Шрифт:
Интервал:
Закладка:
– Хорошо.
– Да, стало легче.
– Я не о том. Ну, неважно. – Логов опять повернулся к своей напарнице: – Это явно не те женщины.
Похолодев, Геннадий с трудом выдавил:
– Какие… женщины? Вы о чем вообще?
Только сейчас до него дошло, что не только он сам, но, похоже, и мать с сестрой были под подозрением. С какой стати? Они-то здесь при чем?!
Заметив, как перекосилось его лицо, Логов улыбнулся:
– Расслабьтесь. Не те – это хорошо для вас. Но мы ищем женщину. Женщину… Кто-нибудь из ваших артисток был особенно зол на Венгровского?
Не замечая того, Геннадий тяжело засопел:
– В том смысле… кого Миша Венгр трахнул, а потом бросил?
– Именно в этом смысле, – подтвердил Логов невозмутимо. – Хотя ненависть возникает не только на такой почве… Но эта самая благодатная, согласен.
Стасовский поскреб ногтем крошечный пупырышек на глади стола.

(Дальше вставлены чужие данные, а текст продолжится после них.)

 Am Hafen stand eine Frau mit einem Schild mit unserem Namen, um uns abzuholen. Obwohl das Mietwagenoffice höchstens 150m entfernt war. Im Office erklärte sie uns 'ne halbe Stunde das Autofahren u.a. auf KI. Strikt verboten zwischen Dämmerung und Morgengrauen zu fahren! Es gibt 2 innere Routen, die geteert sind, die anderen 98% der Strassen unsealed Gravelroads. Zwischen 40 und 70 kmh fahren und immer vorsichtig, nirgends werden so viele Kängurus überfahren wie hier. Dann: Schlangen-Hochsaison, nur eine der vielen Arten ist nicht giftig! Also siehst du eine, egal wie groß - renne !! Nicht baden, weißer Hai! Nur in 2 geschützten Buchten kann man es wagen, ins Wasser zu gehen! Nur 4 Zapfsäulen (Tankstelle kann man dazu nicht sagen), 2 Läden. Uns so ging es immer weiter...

Криво усмехнулся:
– Черт его знает, как ему это удавалось… Но Мишка ухитрялся со всеми оставаться в дружеских отношениях. Как по мне, так никто на него зла не затаил.
– И парни тоже?
– В смысле?
– Мы уже в курсе того, какие у Венгровского были обширные интересы, не надо защищать его честь… Кто из цирковых был его любовником?
Стиснув зубы, Геннадий процедил:
– Без понятия.
Логов побарабанил по столу:
– Это не праздное любопытство. Ладно, я открою вам карты: есть свидетель, заметивший, что один из зрителей направил в лицо Мише луч лазерной указки. Вероятно, ослепил его, и тот мог промахнуться по этой причине. Наш свидетель утверждает, что это была женщина. Но по некоторым причинам он мог не догадаться, что это переодетый мужчина. Поэтому я и спрашиваю вас о том, с кем у Михаила Венгровского были сексуальные связи. А вовсе не потому, что изнемогаю от желания отведать клубнички…

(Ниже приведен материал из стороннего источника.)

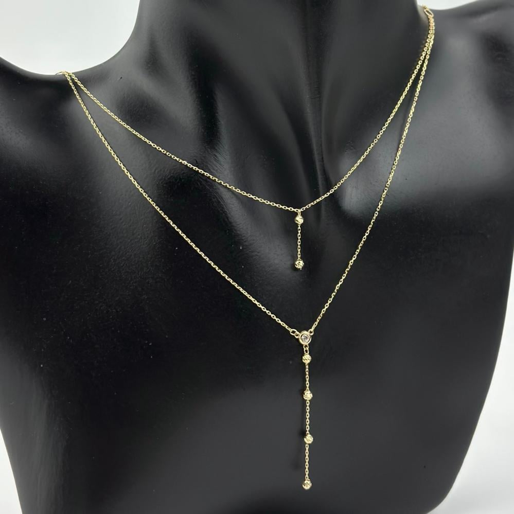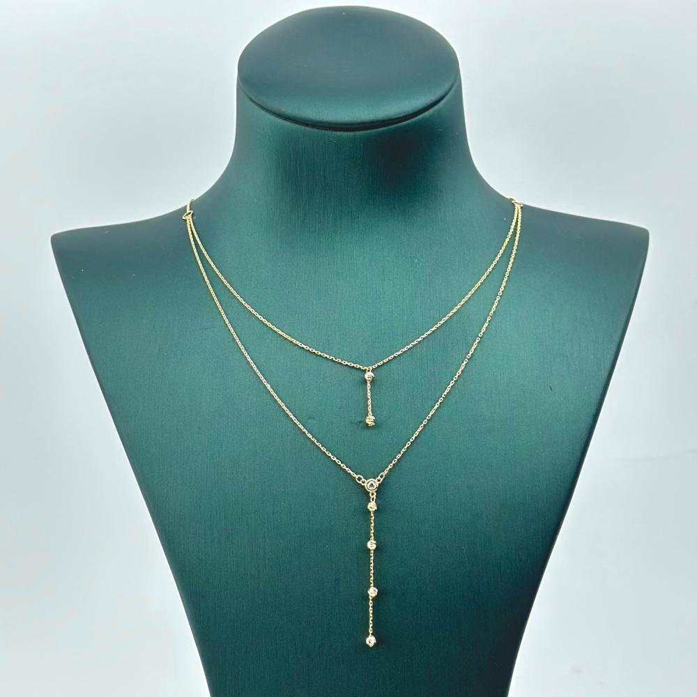 تألقي بعقد فاخر من الذهب عيار 18، مصمم بأناقة ليحمل كرات الليزر الذهبية متقنة الصنع, بدورين متناسقة هذا العقد المثالي يبرز جمالك في كل مناسبة، ويضفي لمسة من الرقي على إطلالتك.

Хмуро кивнув, Стасовский проронил:
– Понял. Только я все равно не могу вам помочь. Не люблю я сплетни… Ясно, что в цирке ничего не скроешь, все на виду. Но я старался… дистанцироваться. Вы кого другого спросите, вон хоть Лену Шилову. Мишка иногда болтал с ней по душам.
– А с ней он не…
– Не знаю я!
– Вы нелюбопытны, я уже понял.
Отвечать на это не требовалось, и Геннадий промолчал. Уже подташнивало от ощущения, что его втягивают в склизкую грязь с болотным запахом. И сопротивляться, как бы абсурдно это ни звучало, значило, напротив, утопить себя, а не спастись… Он покорно следовал за Логовым, которому непременно нужно было покопаться в сомнительном прошлом погибшего. Почему бы просто не похоронить парня? Никто его не убивал… Мишка поплатился жизнью за ошибку.
– Ну хорошо, – следователь заглянул в блокнот, – с Еленой Шиловой мы еще побеседуем. А если отстраниться от любовных похождений Венгровского… По другим поводам у него не было конфликтов с кем-то? Что он Марату Курбашеву долг не вернул, это я уже в курсе. С дрессировщиками у него конфликт был…

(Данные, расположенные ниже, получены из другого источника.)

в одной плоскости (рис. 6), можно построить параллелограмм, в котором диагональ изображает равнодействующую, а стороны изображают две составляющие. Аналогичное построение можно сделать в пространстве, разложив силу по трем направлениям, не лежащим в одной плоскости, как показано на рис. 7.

– Ну из-за этого-то не убивают! – Стасовский криво усмехнулся. – Номер Мишка сорвал им, это факт. Может, даже получил от Виталия по морде…
– Может? Или получил?
– Я не видел. Да и когда это было! Почти год прошел.
– Малоправдоподобно, – согласился Логов. – Да и кто удержался бы на месте Харитонова?
Стасовскому показалось, будто Сашины губы дрогнули улыбкой. Похоже, ей приходилось видеть Логова не только за кабинетной работой. Хотелось бы взглянуть на этого парня в деле…
– А еще что-нибудь? Вы все же работали вместе, могли что-то слышать…
– Ничего я не слышал, – поникшим голосом проговорил Стасовский. – Как ни крути, только у меня был мотив. А ваша зрительница… Может, ее и не было?
* * *
В полутемных коридорах цирка жутковато. Мерещится, будто из полумрака вот-вот проступит ухмыляющаяся физиономия клоуна. Не Гриши, а того, кинговского, который напугал всех детей мира…
А Гришу мне как раз хотелось повидать: вдруг удастся вытянуть что-то? В понедельник у цирковых всегда выходной, но сегодня многие пришли сюда, не усидели дома. Я уже сталкивалась с подобным: некоторым людям нужно «проговорить» случившееся, чтобы потрясение отпустило. И хотя Василий Никанорович не мог с уверенностью сказать, кто из его сотрудников сейчас находится в цирке, я надеялась найти Гришу. Не отпускало предчувствие, будто он готов поделиться чем-то вызревшим подспудно, необязательно со мной, но будет лучше, если именно я окажусь рядом. Хотя ничто не намекало на это: на глазах у других цирковых клоун не решился даже заговорить о том тайном знании, которое я, может, сама и придумала…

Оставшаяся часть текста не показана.